In the top corner of the garden, the hazel - recently the subject of my wife’s enthusiastic chopping for pea and bean poles - is hanging its lamb’s tail catkins; the plant waving its many willies at anyone who cares to look.
Those pale, male tassels may contain as many as three hundred flowers. The scales you can see cover four pairs of stamens: when the time is right, the scales lift, the stamens split, and pollen is released.
Hazels carry female flowers separately and with much less fuss and palaver. Look up the branch a little and you might see small female buds, with their flourish of crimson. A bud might contain up to four flowers, each of which has four tiny, pink-red stigmas ready to receive pollen1.

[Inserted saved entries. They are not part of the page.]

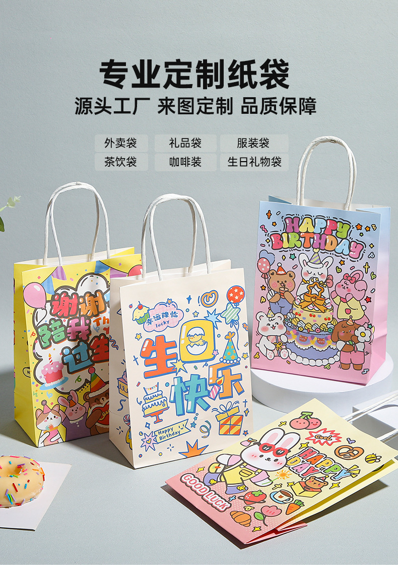 牛皮纸袋伴手礼手提袋生日礼品打包袋包装袋祝福新年圣诞节礼品袋
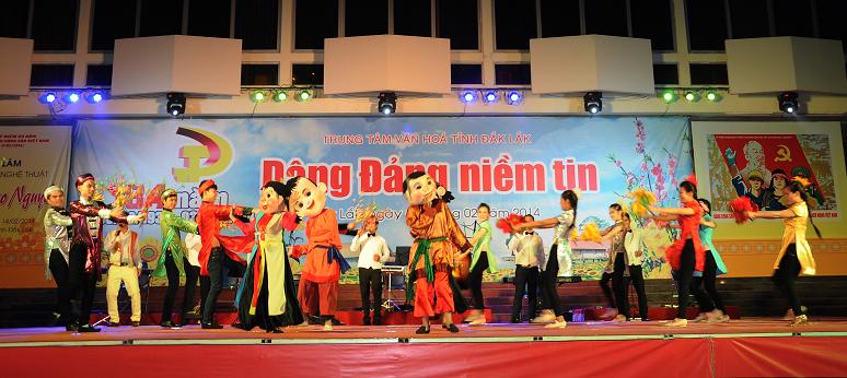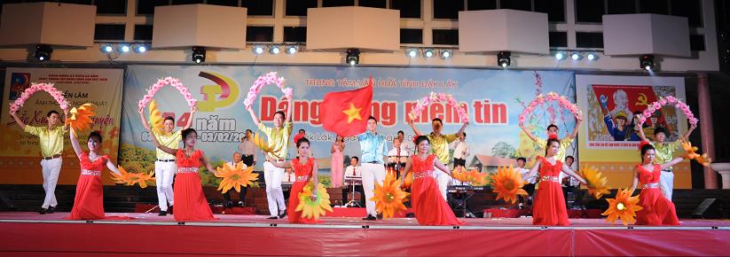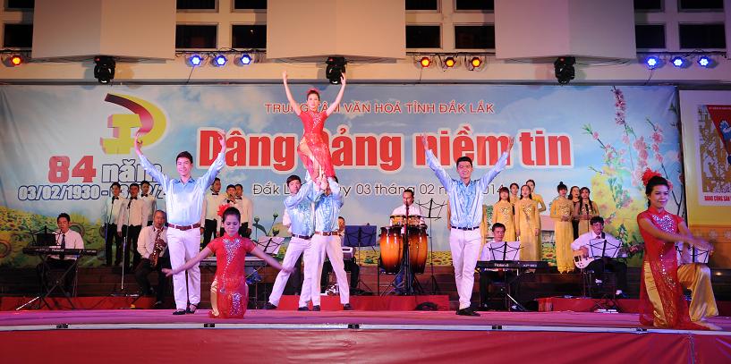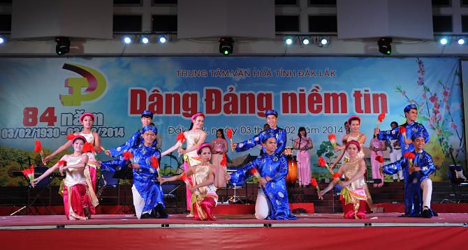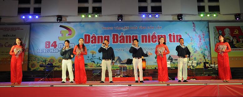 Trung tâm Văn hóa tỉnh vừa tổ chức Chương trình Ca múa nhạc với chủ đề ”Dâng Đảng niềm tin" chào mừng kỷ niệm 84 năm Ngày thành lập Đảng Cộng sản Việt Nam (03/02/1930 – 03/02/2014). Xuyên suốt chương trình là những bài ca, điệu múa ca ngợi Đảng quang vinh, Bác Hồ vĩ đại, tình yêu quê hương đất nước, Tây nguyên giàu đẹp… Chương trình đã thu hút được đông đảo khán giả đến xem và cổ vũ.
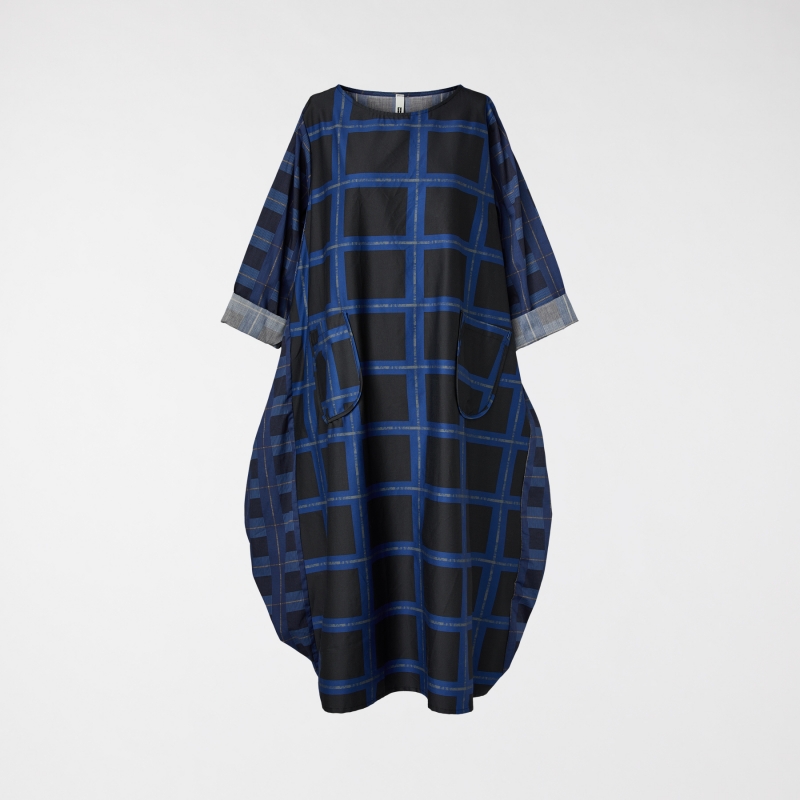 Kleid mit doppeltem blauem und schwarzem Karomuster aus Baumwollstoff. Aufgesetzte Vordertaschen. Reguläre Schultern und lange Ärmel. Eiermuster. Breite und bequeme Passform.
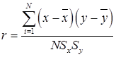 где х и у — средние значения переменных х и у соответственно; Sx и Sy — стандартные отклонения переменных х и у; N — количество наблюдений.

When the pollen is released, you have to hope that the female flowers have pushed their stigmas into the light - and equally importantly - that there is a light breeze to carry the pollen to them.
Every time pollen reaches a flower, you get one nut; for each female bud, a cluster of perhaps four nuts.
Despite carrying male and female flowers, a hazel is self-sterile; it needs a partner. Luckily the old hedge behind the greenhouse, jammed with a few interesting species, delivers. Or at least it does if there’s a breeze of just the right intensity and direction. A breeze like today’s.